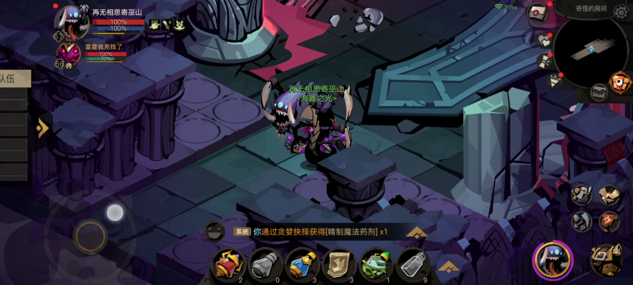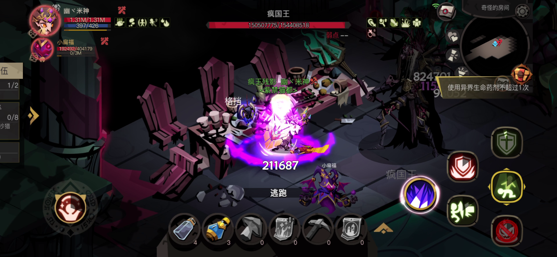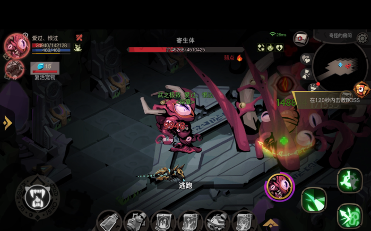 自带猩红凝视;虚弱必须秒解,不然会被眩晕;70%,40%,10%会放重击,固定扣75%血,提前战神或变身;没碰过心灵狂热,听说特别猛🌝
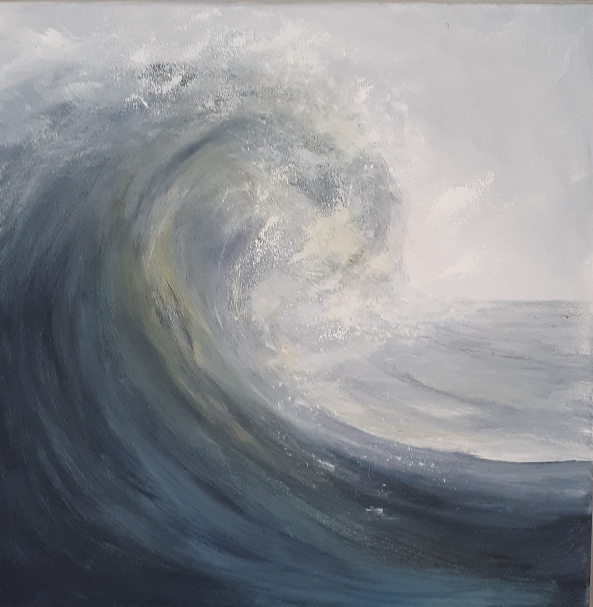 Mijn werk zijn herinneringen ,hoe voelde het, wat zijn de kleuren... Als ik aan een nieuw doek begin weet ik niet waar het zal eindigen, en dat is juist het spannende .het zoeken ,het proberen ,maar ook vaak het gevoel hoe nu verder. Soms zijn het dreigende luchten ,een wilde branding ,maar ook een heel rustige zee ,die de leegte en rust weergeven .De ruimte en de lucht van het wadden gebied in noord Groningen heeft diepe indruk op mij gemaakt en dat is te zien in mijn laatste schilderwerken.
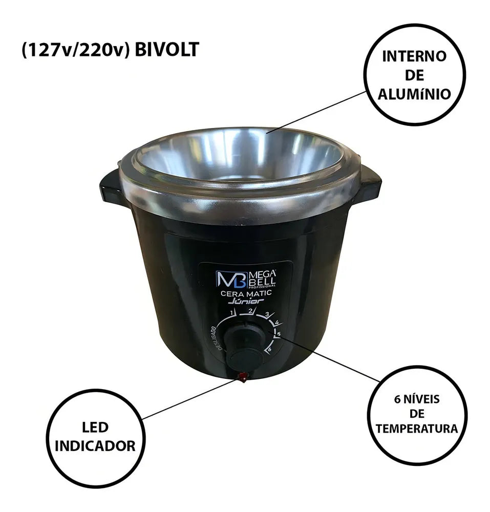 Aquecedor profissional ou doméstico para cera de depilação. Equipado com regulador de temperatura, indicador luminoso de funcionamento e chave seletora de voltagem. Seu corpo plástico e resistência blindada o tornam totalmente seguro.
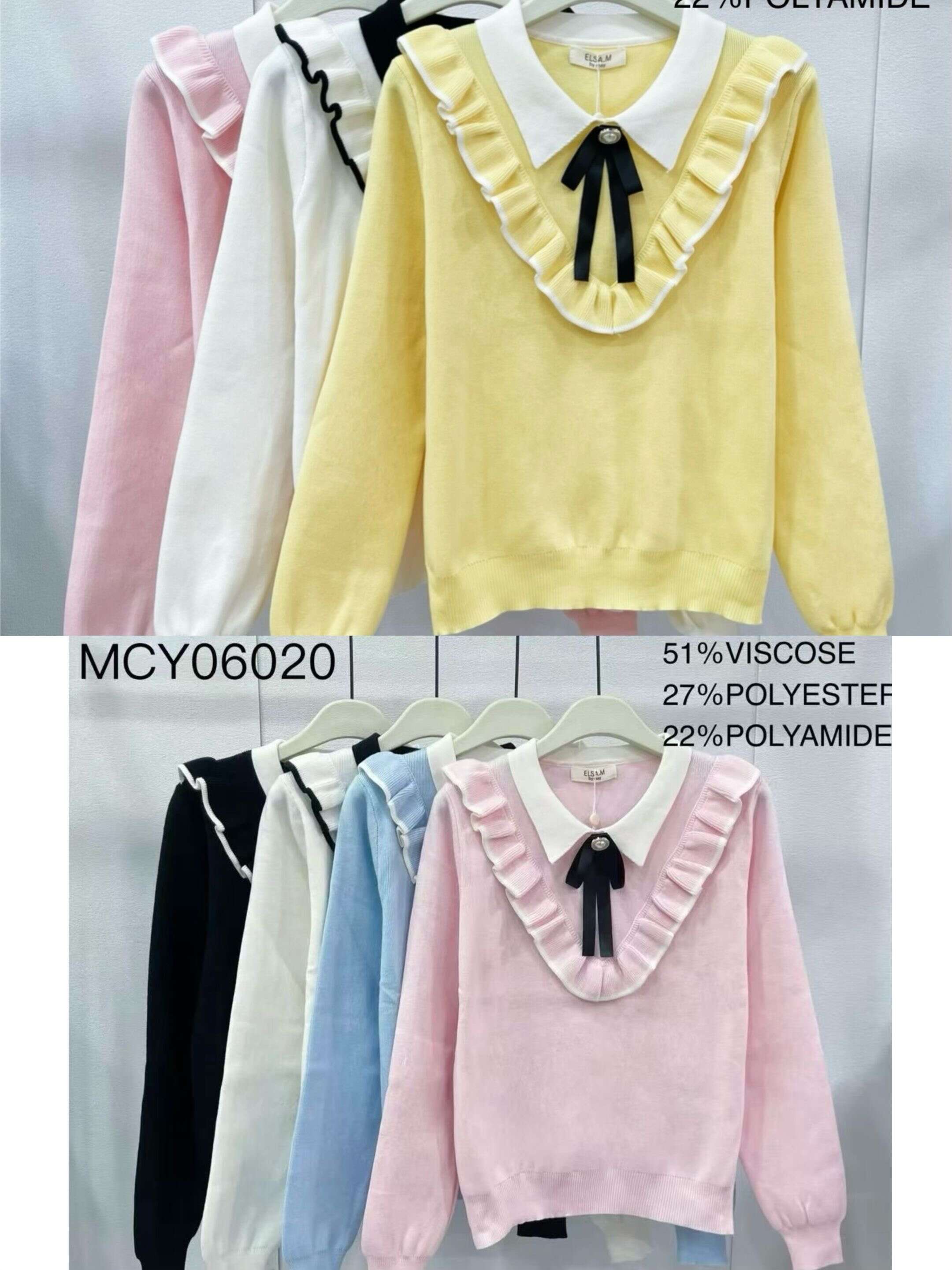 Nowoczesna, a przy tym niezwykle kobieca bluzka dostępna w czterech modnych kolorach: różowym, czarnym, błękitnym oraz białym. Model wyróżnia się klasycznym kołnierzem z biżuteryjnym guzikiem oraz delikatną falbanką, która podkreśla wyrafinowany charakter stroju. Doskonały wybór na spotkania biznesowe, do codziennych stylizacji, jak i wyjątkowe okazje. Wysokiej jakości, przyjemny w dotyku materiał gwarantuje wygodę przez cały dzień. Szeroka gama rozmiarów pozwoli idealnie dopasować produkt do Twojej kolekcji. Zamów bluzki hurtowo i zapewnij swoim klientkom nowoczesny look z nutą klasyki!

* _Exercise directions_
Every line of the data above should be repeated exactly. Omit the pictures.

* _Result_
 自带猩红凝视;虚弱必须秒解,不然会被眩晕;70%,40%,10%会放重击,固定扣75%血,提前战神或变身;没碰过心灵狂热,听说特别猛🌝
 Mijn werk zijn herinneringen ,hoe voelde het, wat zijn de kleuren... Als ik aan een nieuw doek begin weet ik niet waar het zal eindigen, en dat is juist het spannende .het zoeken ,het proberen ,maar ook vaak het gevoel hoe nu verder. Soms zijn het dreigende luchten ,een wilde branding ,maar ook een heel rustige zee ,die de leegte en rust weergeven .De ruimte en de lucht van het wadden gebied in noord Groningen heeft diepe indruk op mij gemaakt en dat is te zien in mijn laatste schilderwerken.
 Aquecedor profissional ou doméstico para cera de depilação. Equipado com regulador de temperatura, indicador luminoso de funcionamento e chave seletora de voltagem. Seu corpo plástico e resistência blindada o tornam totalmente seguro.
 Nowoczesna, a przy tym niezwykle kobieca bluzka dostępna w czterech modnych kolorach: różowym, czarnym, błękitnym oraz białym. Model wyróżnia się klasycznym kołnierzem z biżuteryjnym guzikiem oraz delikatną falbanką, która podkreśla wyrafinowany charakter stroju. Doskonały wybór na spotkania biznesowe, do codziennych stylizacji, jak i wyjątkowe okazje. Wysokiej jakości, przyjemny w dotyku materiał gwarantuje wygodę przez cały dzień. Szeroka gama rozmiarów pozwoli idealnie dopasować produkt do Twojej kolekcji. Zamów bluzki hurtowo i zapewnij swoim klientkom nowoczesny look z nutą klasyki!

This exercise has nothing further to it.